A British documentary television crew comes to the Divis Flats in West Belfast to film an episode for a documentary series, called “Britain’s Children: Ulster,” about the effect of violence on children in Northern Ireland. While interviewing a young girl in her family home, Róisín, a girl of the same age is killed, having been struck by a plastic bullet fired by a patrolling British soldier. This is a tragic echo of the killing of Patrick Rooney, aged nine, on August 15th 1969, in Divis Flats, the first child to be killed during the conflict. The documentary crew sprints from Róisín’s home and attempt to film as much as they can.
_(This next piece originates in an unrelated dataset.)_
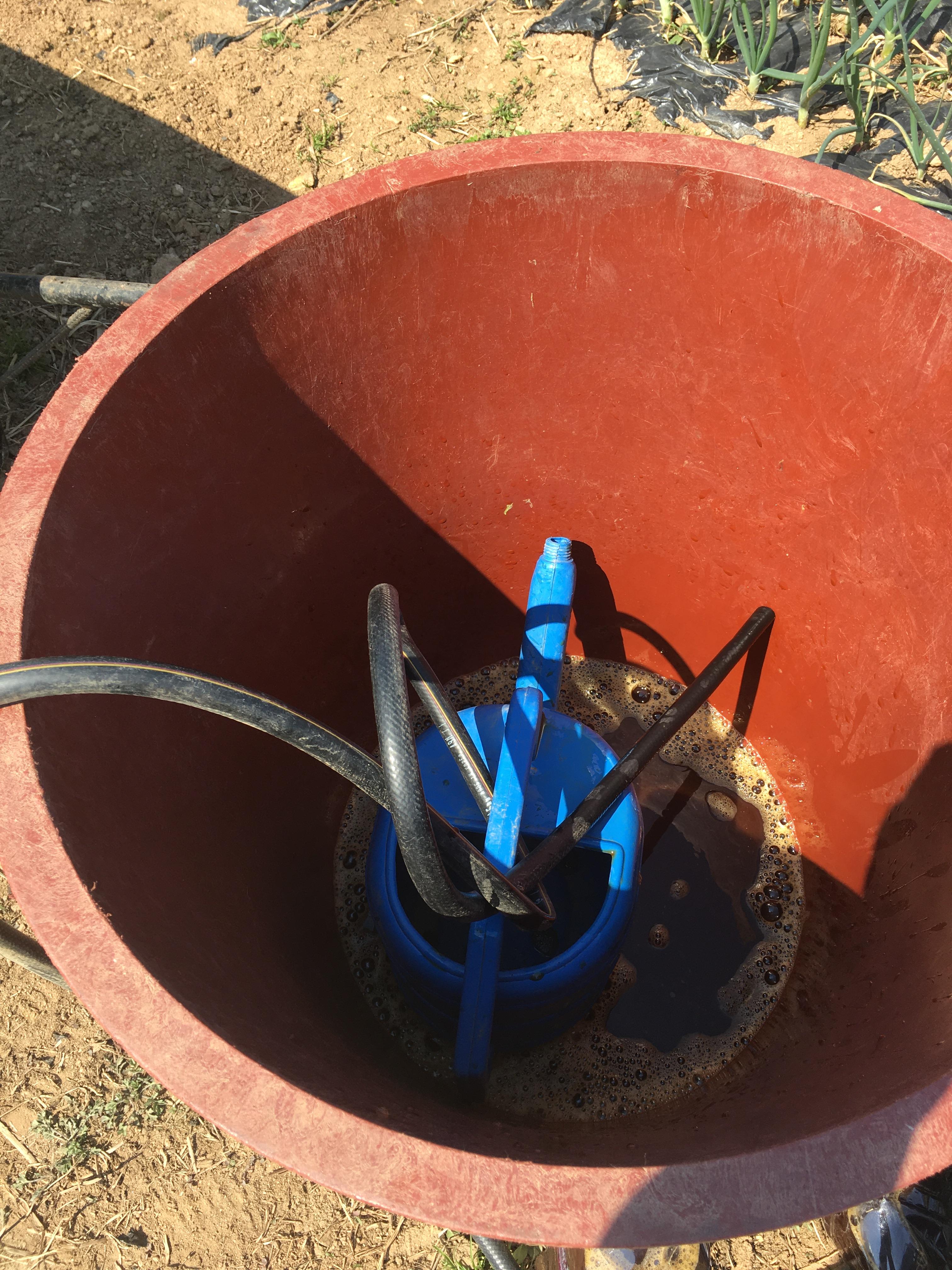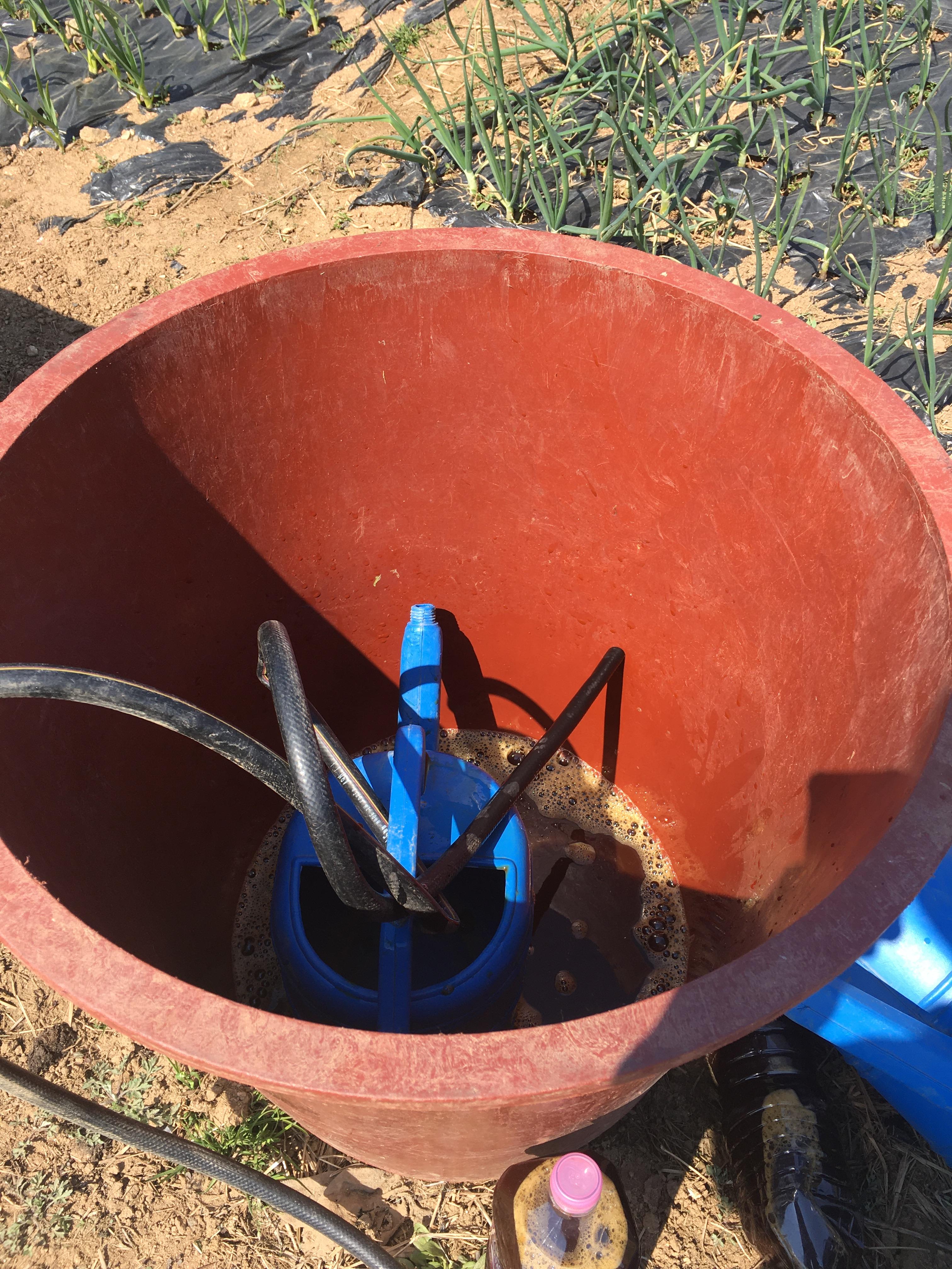 물 100L에 em효소 2L 혼합하여 조리로 준다.

The filmmakers are clearly drawn to sensationalist scenes, that of the bloodied body, scenes that can easily be shaped according to prevailing codes for the reporting of violence, wherein the subject lacks a coherent voice. In a tacit acknowledgment of this fact, that the media frequently misrepresent the situation in Northern Ireland, the residents of Divis Flats attempt to intervene to ensure the real story is told as described in the opening paragraph of this article, where the character of Mrs Nolan holds aloft the fatal plastic bullet and challenges the filmmakers to tell the truth, to “put that on your British Television.” The documentary crew later interviews Róisín, as well as another young girl Teresa who witnessed the shooting, about what happened and their emotions surrounding the killing. At this point, beginning with Mrs. Nolan’s moment of anagnorisis, the possibility emerges of a community moving beyond the mediation of media, of documentary, of cinema, revealing their truth, and the truth of the violence that surrounds them, to the broader public.
As ACCEPTABLE LEVELS progresses we witness the process through which this tiny window of possibility is destroyed through the intervention of the powers that be. All of this footage disappears in the editing suite. The army and the program’s producer make their pointed suggestions to the film’s director as concerns are raised about “balance” in the way these events are presented so as to avoid engendering “sympathy for the terrorists” among the British public. Thus Mrs. Nolan’s contribution, as well as that of Teresa, are cut completely from the program. The erasure of Mrs. Nolan is a particularly unsettling rendering of censorship in action. First we see the rushes of her interview playing back, their audio removed, as a faceless voice speaks on the telephone to Simon, the director: “Yeah I’m looking at them right now…they’re not too bad. A bit soft and shaky in places.” Later the footage is played again, this time with its audio attached, however now her indictments are drowned out by the hum of the editing machine and the conversation between the editor and director, where they debate over not “pointing the finger too strongly at the army.” The effect of this is twofold: as viewers we are fully aware of the events that have unfolded, of the murder of a child at the hands of a British soldier, and of the ridiculousness of the assertion that the finger of blame must not be pointed “too strongly at the army.” The result of this is the construction then by the viewer of an imaginary documentary, one at odds with the film within the film, that is in accord with the reality of this moment, and by extension life in Northern Ireland during the conflict. We then witness the process by which Róisín’s interview is edited so that she is portrayed as a mere symbolic victim, not as a righteous accuser. Her statement of fact, that “the soldiers did it,” as well as Teresa’s indictment that “it’s natural that people should hit back” to their treatment at the hands of the British army, are all deemed surplus to requirement. Only Róisín’s small contribution, “I just try to keep out of trouble…I just try to get on with it” remains. ACCEPTABLE LEVELS concludes with Róisín and her family watching the broadcast of “Britain’s Children: Ulster” at home, their exasperation at their treatment by the BBC, by the British establishment, is succinctly summed up in Róisín’s father’s proclamation, “is that it?” and her mother, when she states, “it’s as if we never said a word.”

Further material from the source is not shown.